Researchers find genetic mutations linked to increased risk factor for PTSD

In the largest study of DNA samples from service members with Post-Traumatic Stress Disorder (PTSD), researchers have identified genetic mutations that may be associated with an increased risk factor for PTSD. This new study, published May 11 in JAMA Psychiatry, provides insight into this prevalent, public health concern.

PTSD is a mental illness linked to exposure to a traumatic event, such as combat or an act of violence. The U.S. Department of Veterans Affairs estimates 11 to 20 percent of veterans who served in the Afghanistan and Iraq conflicts are suffering from PTSD, and the percentage of Vietnam War veterans with PTSD is even higher.

Researchers from the Uniformed Services University of the Health Sciences (USU), in Bethesda, MD., the University of California, San Diego, Harvard Medical School, the University of Michigan, and the Veterans Affairs San Diego Healthcare System, sought to analyze genes associated with lifetime PTSD risk among Army personnel. They analyzed DNA samples from more than 13,000 consenting Soldiers who participated in the Army Study to Assess Risk and Resilience in Service members (Army STARRS).

The researchers conducted genome-wide associated studies (GWAS) in two cohorts to identify DNA markers associated with PTSD. The first GWAS was performed on more than 3,100 diagnosed cases of PTSD and more than 4,600 trauma-exposed controls from the New Soldier Study, which included a sample of about 57,000 new Soldiers entering Basic Combat Training at each of the three basic Army training installations.

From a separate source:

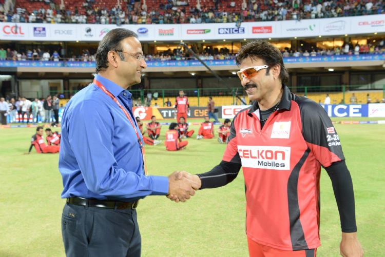 Telugu Warriors playing in Celkon Celebrity Cricket League -3 with Karnataka Bulldozers
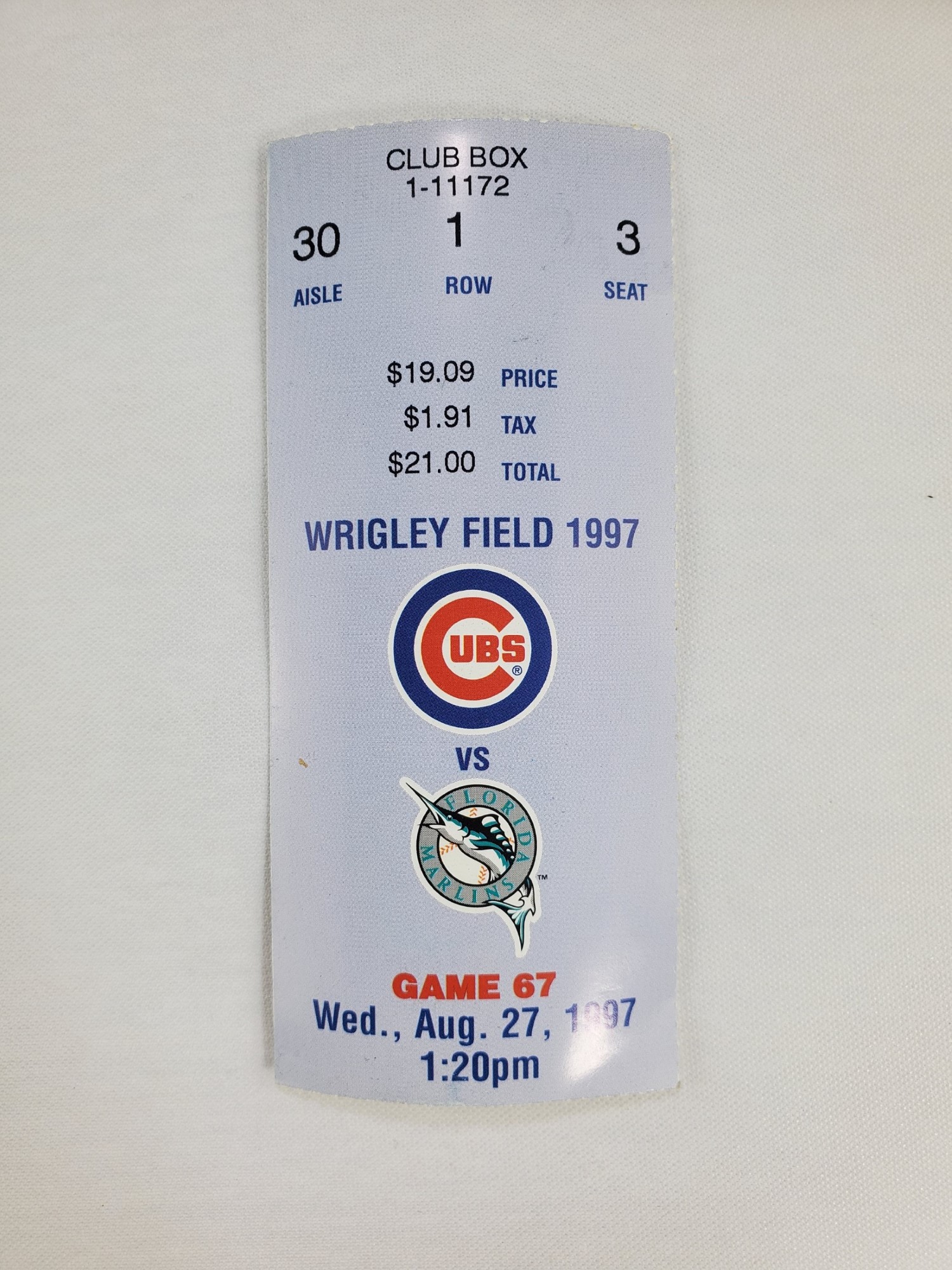 Devon White Game Used Cooper Pro 100 T141 Florida Marlins Professional Baseball Bat – Included with the bat is the original Club Box Row 1 baseball game ticket from August 27, 1997 Chicago Cubs Vs Florida Marlins Game 67 played at Wrigley Field where this bat was used and first obtained. Each game used bat should be assumed to have a small crack in it, while others may be cracked more severely. Whether it be a crack, a chip, or completely broken bat, the ball player who used this bat chose to retire it from game use after it sustained one or more of the previously mentioned defects. This bat was most recently obtained through Hindman Auctions, one of the nation’s leading and most reputable auction houses. If you are interested in the proof of purchase for this item from Hindman Auctions, please leave us a note during checkout or you may send us a message once your order has been placed and we will be sure to provide you with a copy.

The second GWAS was performed on more than 940 diagnosed cases and more than 4,900 trauma-exposed controls from the Pre/Post Deployment Study, which included about 10,000 Soldiers in three Combat Brigade Teams from 2012 to 2014. They compared lifetime PTSD cases, as defined by the Diagnostic Service Manual-IV, to trauma-exposed controls without lifetime PTSD.

They found two notable genetic variants. In DNA samples of African American Soldiers with PTSD, they found a gene (ANKRD55) on chromosome 5. In prior research, this gene has been found to be associated with various autoimmune and inflammatory disorders, such as multiple sclerosis, type 2 diabetes, celiac disease, and rheumatoid arthritis. The other genetic variant, in European-American samples, was found on chromosome 19.

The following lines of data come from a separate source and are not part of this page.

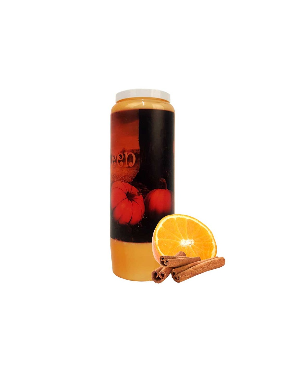 Oranje kaneel geurende novene kaarsen met een pompoen bos ontwerp en Happy Halloween erop geschreven. Het etiket is doorschijnend voor een kaars effect.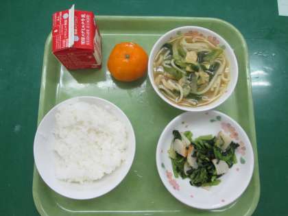 今日の給食は減量ごはん・牛乳・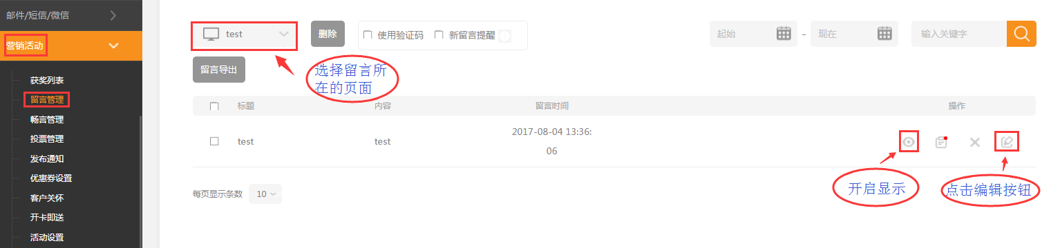 4,在后臺(tái)管理→-營(yíng)銷(xiāo)活動(dòng)→留言管理中,選擇留言插件所在頁(yè)面,找到對(duì)應(yīng)的留言,開(kāi)啟留言顯示,并點(diǎn)擊【編輯】按鈕。

Additionally, the researchers did not find significant genetic correlations between PTSD and six mental disorders and nine immune-related disorders, according to the study's co-principal investigator, Dr. Robert Ursano, chair of USU's Department of Psychiatry. They did find significant evidence, though, of genetic factors that influence multiple traits for PTSD and rheumatoid arthritis, and to a lesser extent, psoriasis.

"Further research will be needed to replicate the genome-wide significant association we found with the gene ANKRD55 and clarify the nature of the genetic overlap observed between PTSD and rheumatoid arthritis and psoriasis," Ursano said.